From the listing below, reproduce exactly the lines starting with the one with "救援队正在进行搭建营地帐篷" and going on through the one with "ثبت نام کانون", both ends kept. No picture is copied.

## Supplied material
━━━━━━━━━━

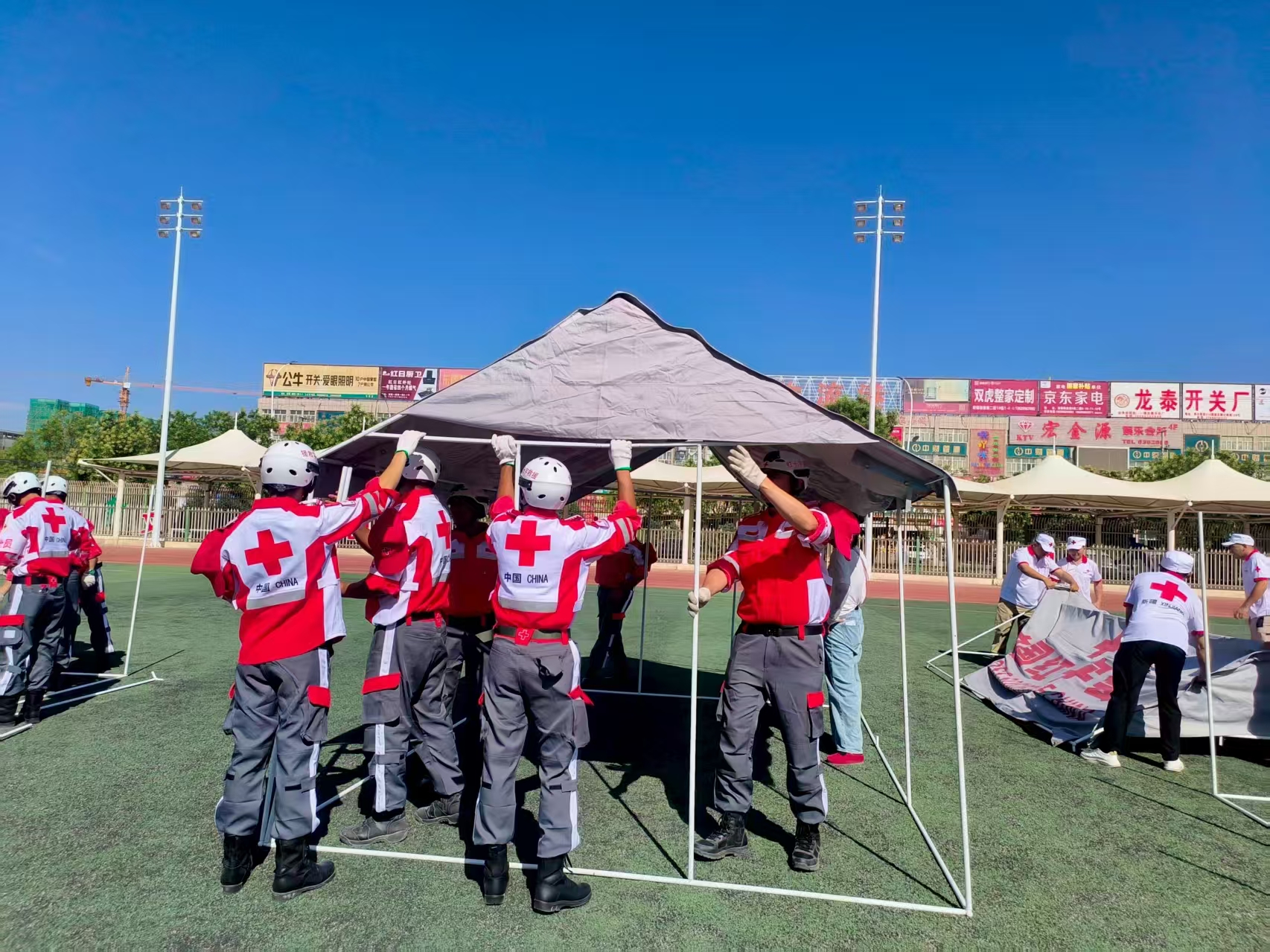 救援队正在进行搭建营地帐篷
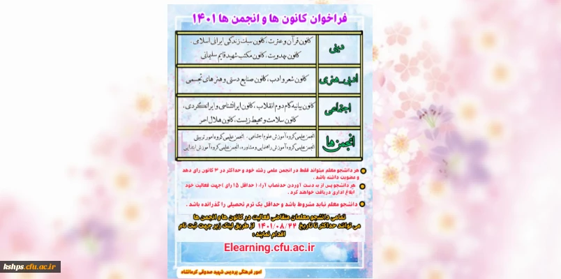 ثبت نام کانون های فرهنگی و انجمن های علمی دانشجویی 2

━━━━━━━━━━

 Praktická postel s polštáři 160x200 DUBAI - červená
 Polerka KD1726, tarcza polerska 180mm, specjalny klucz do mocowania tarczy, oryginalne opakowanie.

━━━━━━━━━━

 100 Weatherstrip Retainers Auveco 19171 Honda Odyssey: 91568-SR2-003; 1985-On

━━━━━━━━━━

## Result for this task
 救援队正在进行搭建营地帐篷
 ثبت نام کانون های فرهنگی و انجمن های علمی دانشجویی 2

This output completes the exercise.